[Provided data — start]

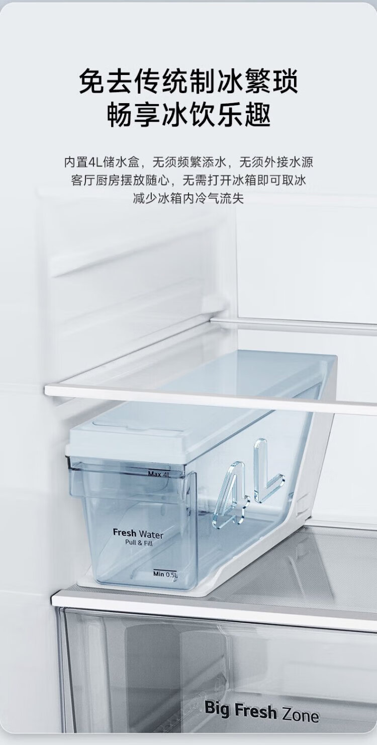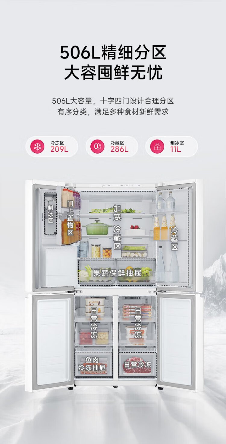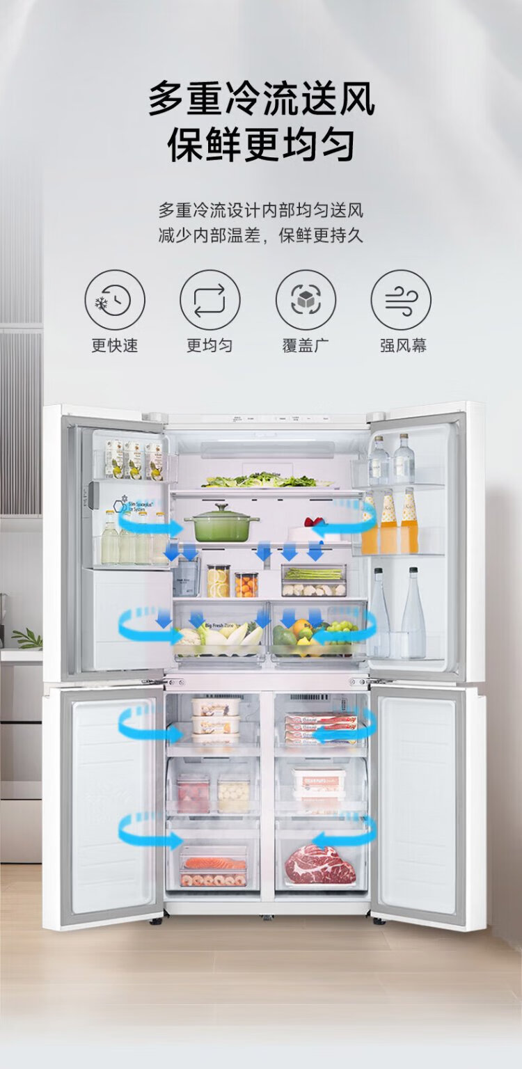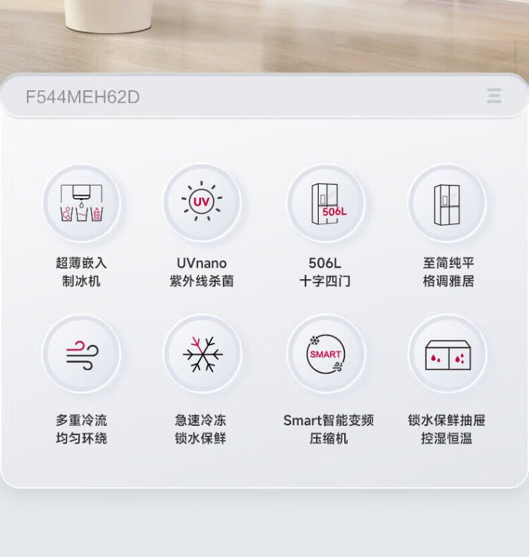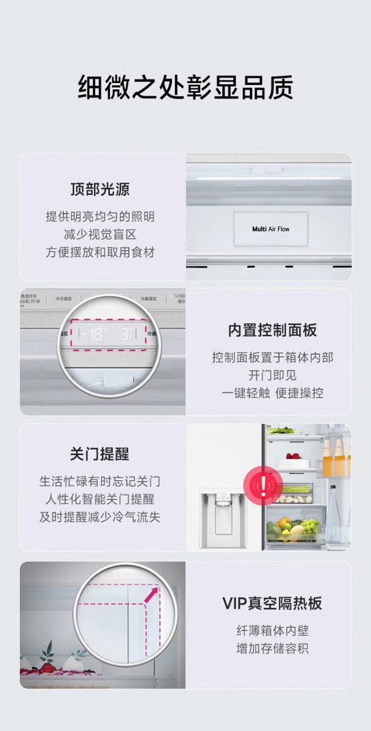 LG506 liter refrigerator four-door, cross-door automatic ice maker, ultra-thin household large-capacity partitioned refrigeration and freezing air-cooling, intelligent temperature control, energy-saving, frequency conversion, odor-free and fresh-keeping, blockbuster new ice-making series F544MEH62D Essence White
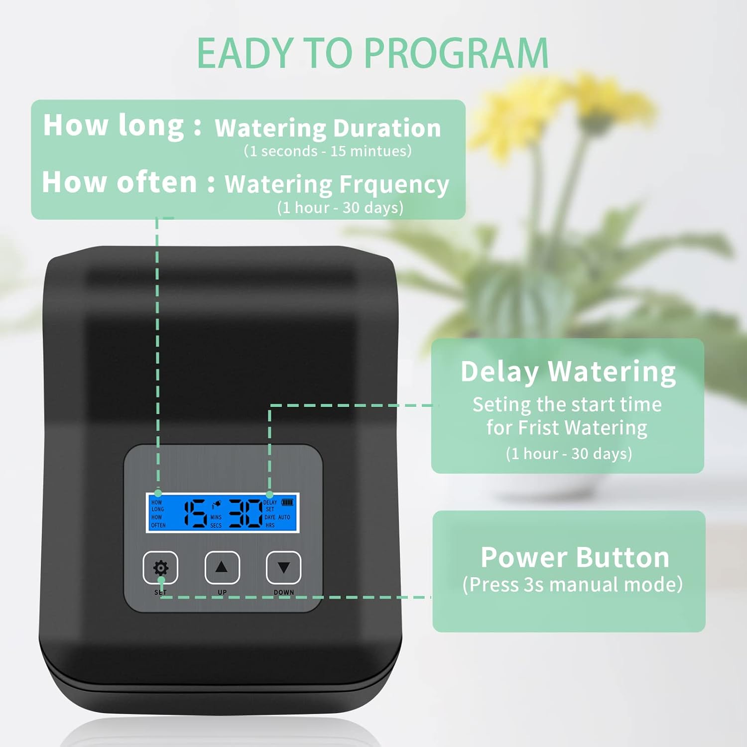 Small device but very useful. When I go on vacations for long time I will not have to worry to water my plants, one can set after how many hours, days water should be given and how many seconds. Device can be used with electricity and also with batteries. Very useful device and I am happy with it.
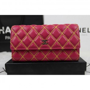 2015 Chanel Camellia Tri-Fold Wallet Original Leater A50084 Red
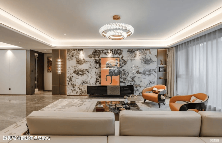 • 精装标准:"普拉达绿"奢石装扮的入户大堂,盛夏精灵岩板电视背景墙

[Provided data — finish]

Work to complete: Nothing should appear in the answer except the lines from the one containing "Small device but" through the last line of the listing, given again exactly and with no pictures.

Result of the task:
 Small device but very useful. When I go on vacations for long time I will not have to worry to water my plants, one can set after how many hours, days water should be given and how many seconds. Device can be used with electricity and also with batteries. Very useful device and I am happy with it.
 2015 Chanel Camellia Tri-Fold Wallet Original Leater A50084 Red
 • 精装标准:"普拉达绿"奢石装扮的入户大堂,盛夏精灵岩板电视背景墙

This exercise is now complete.